Brexiteers and Scottish nationalists are united by a disturbing enthusiasm for censorship – Euan McColm
Some weeks, the only exercise I get is shuddering with rage at outbursts from the ideologues currently cluttering up public life. Barely a day goes by without some exasperating high-profile Brexiteer or Scottish nationalist lashing out at the dark forces that conspire against them. Top of the list of establishment enemies for both groups is the BBC.
To the Eurosceptic crank, the national broadcaster is complicit in a concerted effort to undermine Brexit. To the furious (the default setting) Scottish nationalist, the Beeb played a leading role in the No campaign’s victory in the 2014 independence referendum. It’s much easier, I suppose, for them all to lash out at the corporation than it is to reflect on the flaws in what pass for their political plans. But, man, it’s exhausting for the rest of us.
The latest attacks on the BBC from these twins of contemporary populism are especially ludicrous. Brexiteers – fired up by former Tory MP and current bore Harvey Proctor – are incandescent that during the televised coverage of the Last Night of the Proms, several members of the audience could be seen waving EU flags. This, said Proctor, was “disgraceful”, adding that the BBC should launch an inquiry.
It’s not entirely clear what such an inquiry might achieve. So far as I am aware, the BBC has no authority to prevent anyone waving EU flags within the Royal Albert Hall. It would be troubling, indeed, if the broadcaster was able to do such a thing.
The usual suspects have, of course, used the sight of those flags being waved as the basis for calls for tougher regulation of the corporation. It’s utterly bleak stuff. Surely the proud Brexiteer, having taken back control, should be basking in our freedom to express ourselves however we wish? Surely, the proud Brexiteer isn’t so pathetic that he can’t bear the sight of a flag?
Not for the first time, angry Scottish nationalists have shown they’ve a damned sight more in common with Brexiteers than they’d like to admit. North of the Border, the Beeb is under fire for having the audacity to broadcast political satire. A skit – not, I’m afraid, terribly amusing – taking the mickey out of Green minister Lorna Slater caused a wave of pearl-clutching throughout nationalist ranks.

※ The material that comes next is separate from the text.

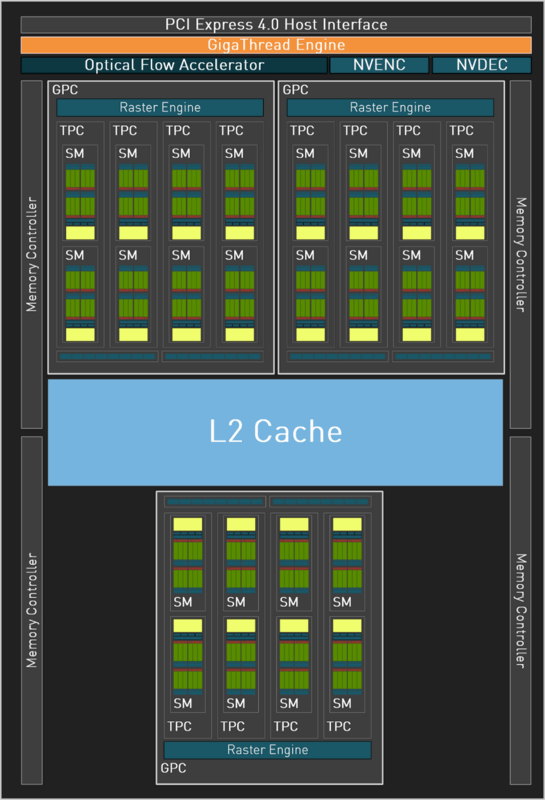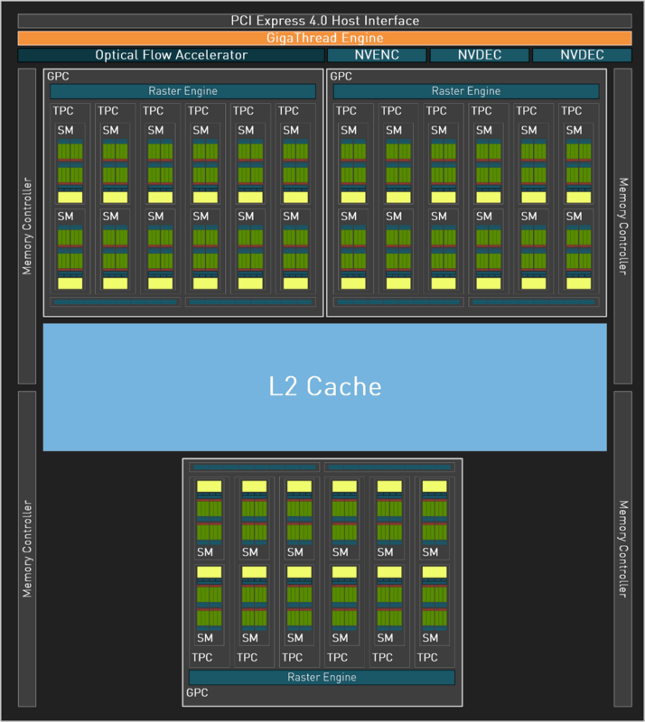 从下图可以看到,完整的AD106核心应该包括3个GPC(图形处理集群)、18个TPC(纹理处理集群)、36个SM(流式多处理器)以及一个带有6个32Bit显存控制器的256Bit显存带宽。

“Not sure,” wrote one of the Yes movement’s court journalists, “this is the sort of thing a national radio station should be broadcasting.” Soon, the chorus of complaint grew louder. The clip was “pish” wrote SNP minister Elena Whitham, it was “beyond belief”, said another veteran campaigner. An especially irksome commentator whinged that this particular satire added “nothing creative to public life” to which the only response must be “so what?”
Just about every nationalist, whether of the British and Scottish variety, believes their nationalism is superior to all those other horrible nationalisms that litter history. But for all their protestations, they can’t quite conceal the authoritarian streaks that run through their own ideologies. The enthusiasm with which they would censor the media is hugely disturbing.
If the BBC upsets you because you saw some flags on the telly or you heard someone mocking a government minister on the radio, the problem isn’t the broadcaster, it’s you.